You should make sure your data are backed-up during the active phase of research and that any data needed for the long-term are archived.
It is also important to share your data where possible, particularly to evidence your findings.
This article reflects on an inadvertent error in a economics paper by Reinhart and Rogoff. Missing some rows out of an average gave drastically different results – what was published suggested that countries with 90% debt ratios see their economies shrink by 0.1%. Instead, it should have found that they grow by 2.2% – less than those with lower debt ratios, but not a spiralling collapse. This mistake wasn’t picked up on initially as the data hadn’t been shared. The mistake fed into government policy as the findings were used as justification for austerity measures in the UK and various other countries in the EU.
Naturally, researchers may worry that the data will be taken out of context, misinterpreted or used inappropriately. They may also be concerned about maintaining the confidentiality and security of sensitive data. Business concerns may arise as well - will data users give proper credit and acknowledgement to the scientist? Will the scientist lose a competitive advantage by sharing this valuable resource?
There are lots of reasons why researchers may be reluctant to share data, so what is the solution?
Each of these issues can, in great part, be addressed by providing rich data documentation known as ‘metadata’.
By providing metadata, the research scientist establishes the purpose, methods, sources and parameters of the data. As such, data users are given the information necessary to appropriately apply, protect and cite the data. If the metadata contains information about proprietary data processing or analysis techniques, the competitive advantage can be maintained by creating a second, more generalized, metadata record for public distribution.

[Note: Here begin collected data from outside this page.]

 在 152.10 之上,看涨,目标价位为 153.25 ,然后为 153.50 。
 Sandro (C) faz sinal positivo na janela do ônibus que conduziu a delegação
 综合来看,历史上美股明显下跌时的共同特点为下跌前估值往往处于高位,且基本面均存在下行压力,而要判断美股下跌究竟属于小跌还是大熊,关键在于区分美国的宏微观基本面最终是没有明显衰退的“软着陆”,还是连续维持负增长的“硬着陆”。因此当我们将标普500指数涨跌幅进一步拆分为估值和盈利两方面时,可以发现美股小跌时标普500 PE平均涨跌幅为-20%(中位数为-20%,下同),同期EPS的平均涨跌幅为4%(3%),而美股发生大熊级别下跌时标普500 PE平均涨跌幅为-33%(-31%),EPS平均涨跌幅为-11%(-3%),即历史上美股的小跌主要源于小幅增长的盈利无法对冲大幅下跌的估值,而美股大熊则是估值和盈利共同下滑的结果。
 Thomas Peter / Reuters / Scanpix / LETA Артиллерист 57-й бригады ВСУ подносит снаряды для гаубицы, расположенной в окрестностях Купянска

To make your data shareable, you should create robust metadata and seek a second a second opinion on this to ensure it’s understandable to others. Also include reference information so others can find your data and give you credit. The metadata should be published online and packaged up with your data to deposit in repositories.

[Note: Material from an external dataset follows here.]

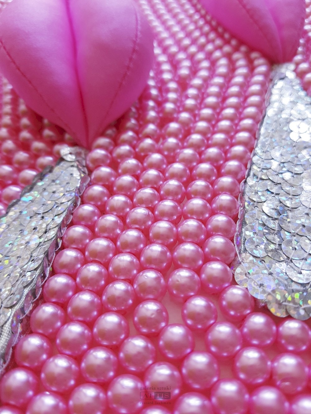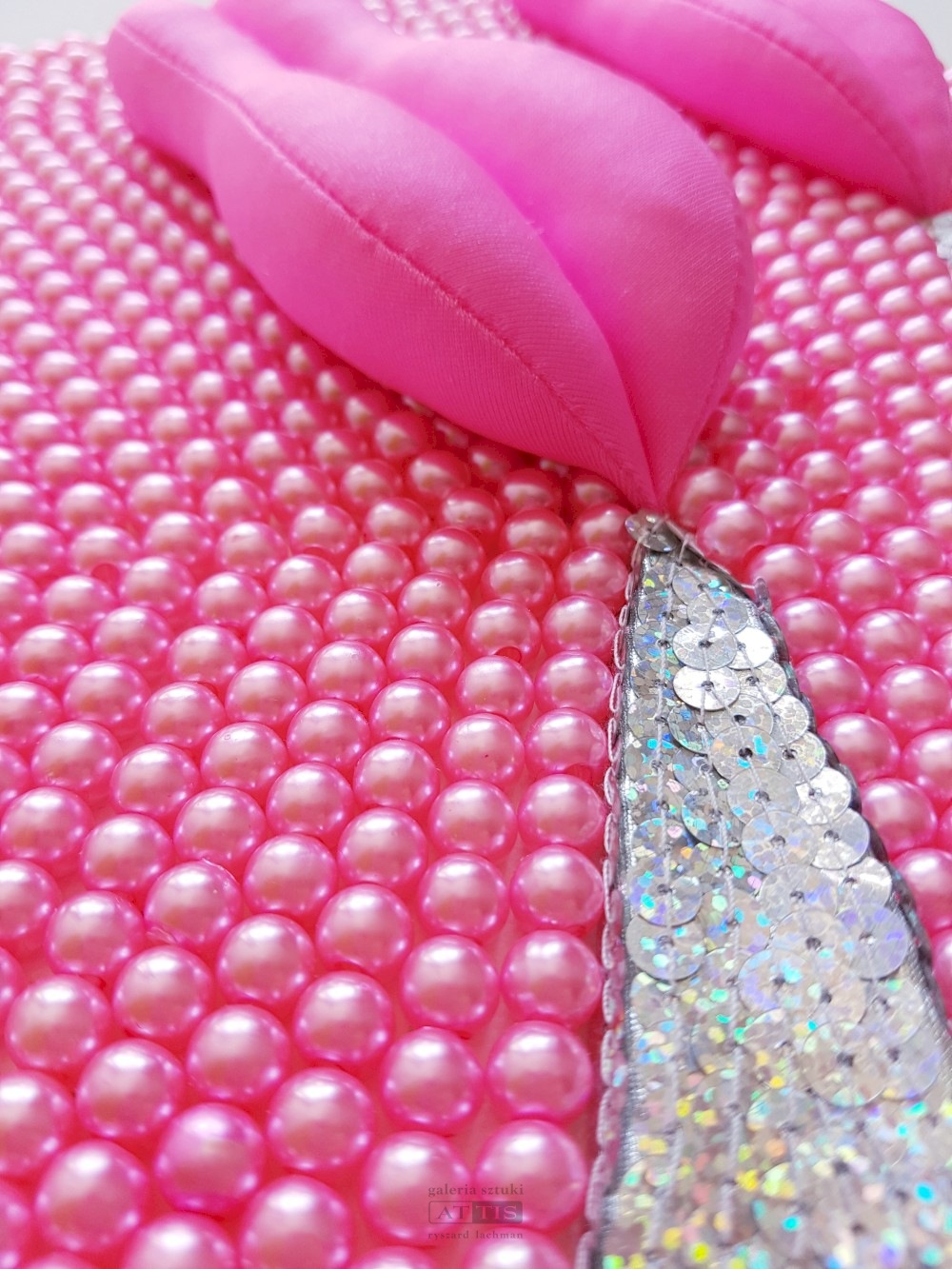 | Technika: | technika własna (cekiny, sztuczne perły, lycra, wypełnienie poliestrowe, akryl, gąbka), płótno |

It might not be possible to preserve and share all your data, so you may need to make a selection. Some factor to consider could be what has to be kept, for example for legal reasons or to evidence findings, what is potentially useful to others or can’t be recreated. You may also be under obligation to destroy certain data due to consent agreements or commercial non-disclosure restrictions.
The Digital Curation Centre has guidance on how to select what data to keep.
Let’s close by looking briefly at the EUDAT service suite and how it helps with data management and sharing
EUDAT offers a pan-European solution, providing a generic set of data services. These are being built in close collaboration with user communities.
The services assist researchers to store, manage and process the data through-out the active phase of research, and also help to archive data and make it discoverable to others.
The B2DROP service helps you to syncronrise and exchange research data like Dropbox; B2STAGE helps you get data to computation when processing and analysing data; B2SAFE helps you to replicate the data safely; B2SHARE is a repository to archive the data and share it with others; and B2FIND is a cataloguing service that allows you and others to find relevant data.